Can you set down, exactly as they appear below, the lines from the opening of the material through the one bearing "330千伏匯集站設330千伏", minus the pictures?

## DATA PROVIDED:
:::::

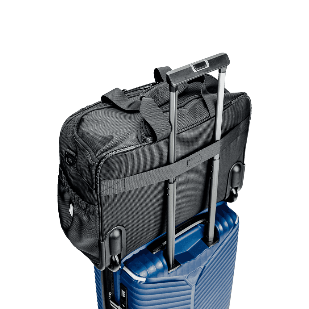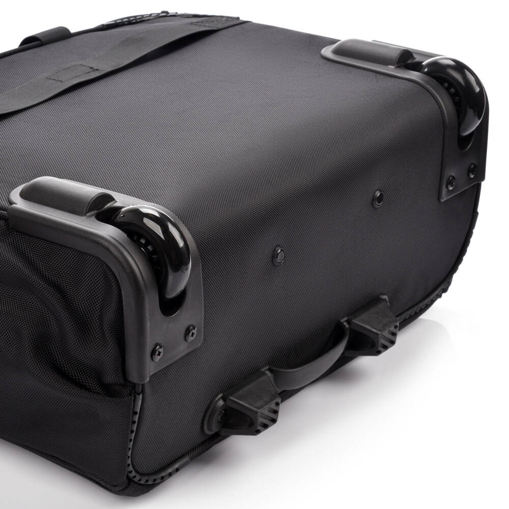 W wyposażeniu torby znajduje się również wysuwana teleskopowa rączka na podwójnym stelażu, która sprzyja wygodnemu prowadzeniu. Po złożeniu można ją schować w specjalnej kieszonce. Na tylnej ścianie został zaprojektowany specjalny uchwyt do zaczepienia na walizkę, który sprawia, że transport torby nie będzie stanowił dużego wysiłku, niezależnie od obciążenia.
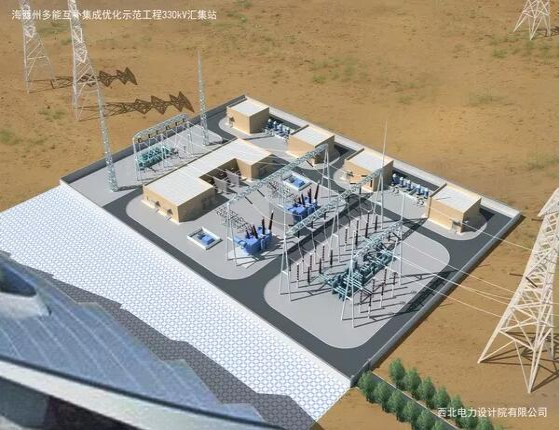 330千伏匯集站設330千伏、110千伏、35千伏三級電壓,實現與風電、光伏、光熱、儲能電站的連接。
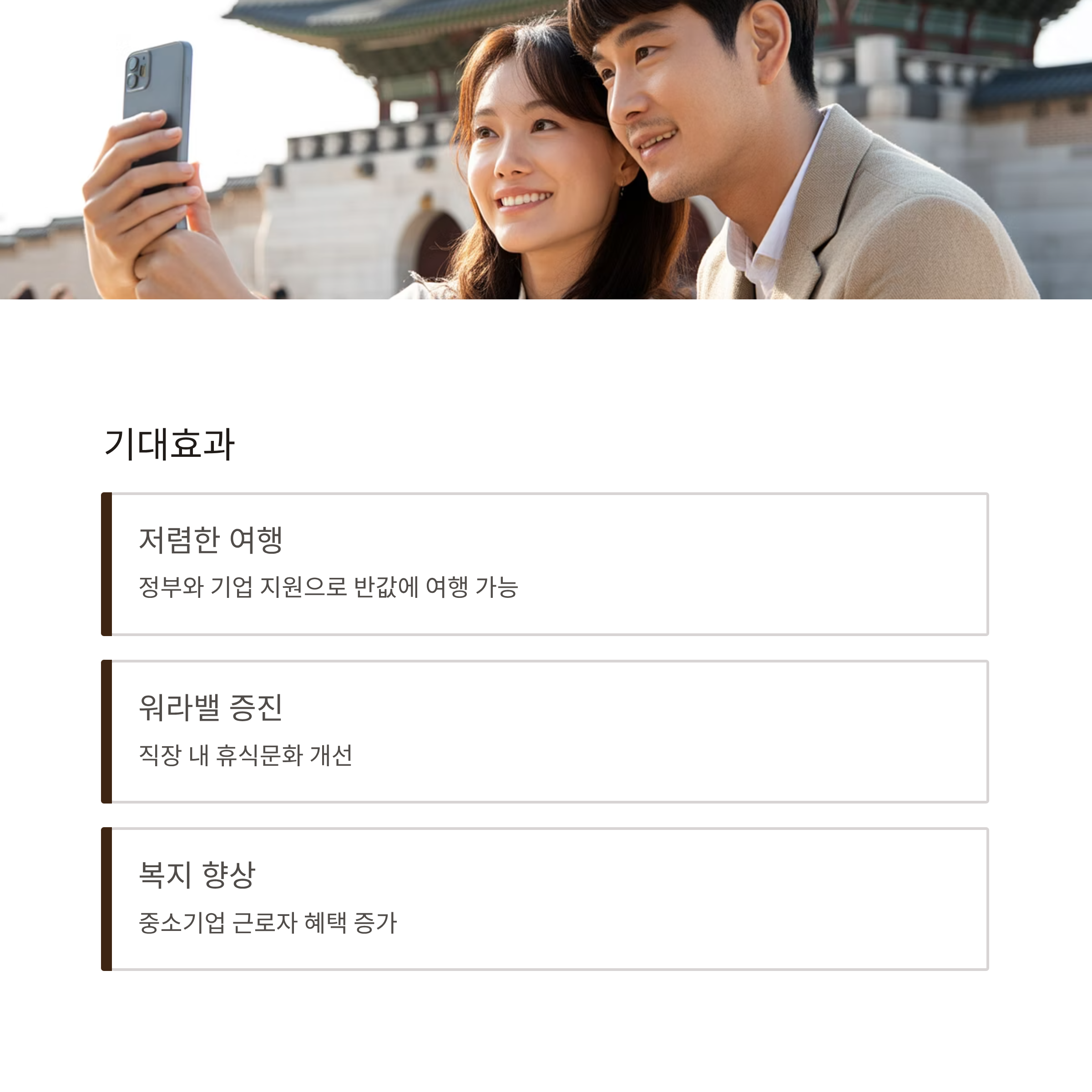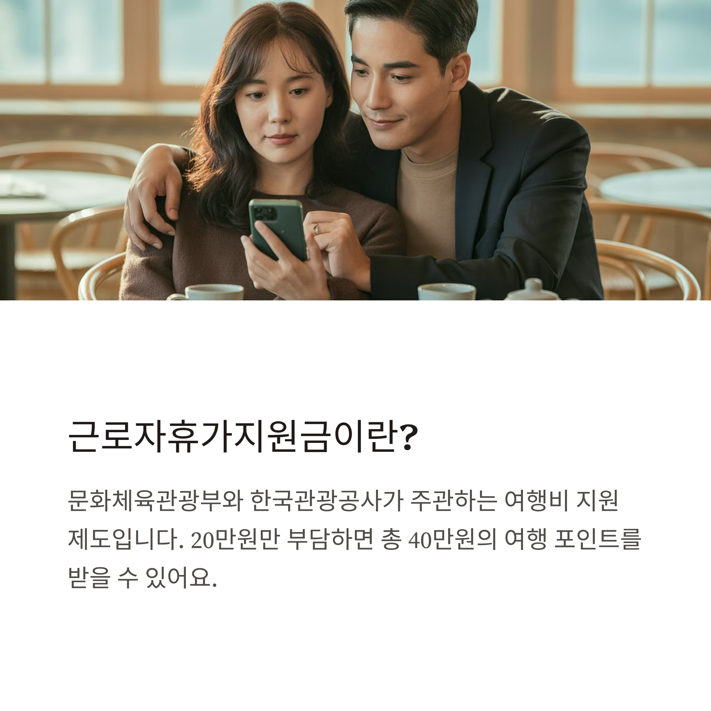 근로자휴가지원금은 문화체육관광부와 한국관광공사가 주관하는 국내 여행비 지원 제도입니다.근로자가 20만원을 부담하면, 기업과 정부가 각각 10만원씩 지원하여 총 40만원 상당의 여행 포인트를 제공합니다.

:::::

## SOLUTION:
 W wyposażeniu torby znajduje się również wysuwana teleskopowa rączka na podwójnym stelażu, która sprzyja wygodnemu prowadzeniu. Po złożeniu można ją schować w specjalnej kieszonce. Na tylnej ścianie został zaprojektowany specjalny uchwyt do zaczepienia na walizkę, który sprawia, że transport torby nie będzie stanowił dużego wysiłku, niezależnie od obciążenia.
 330千伏匯集站設330千伏、110千伏、35千伏三級電壓,實現與風電、光伏、光熱、儲能電站的連接。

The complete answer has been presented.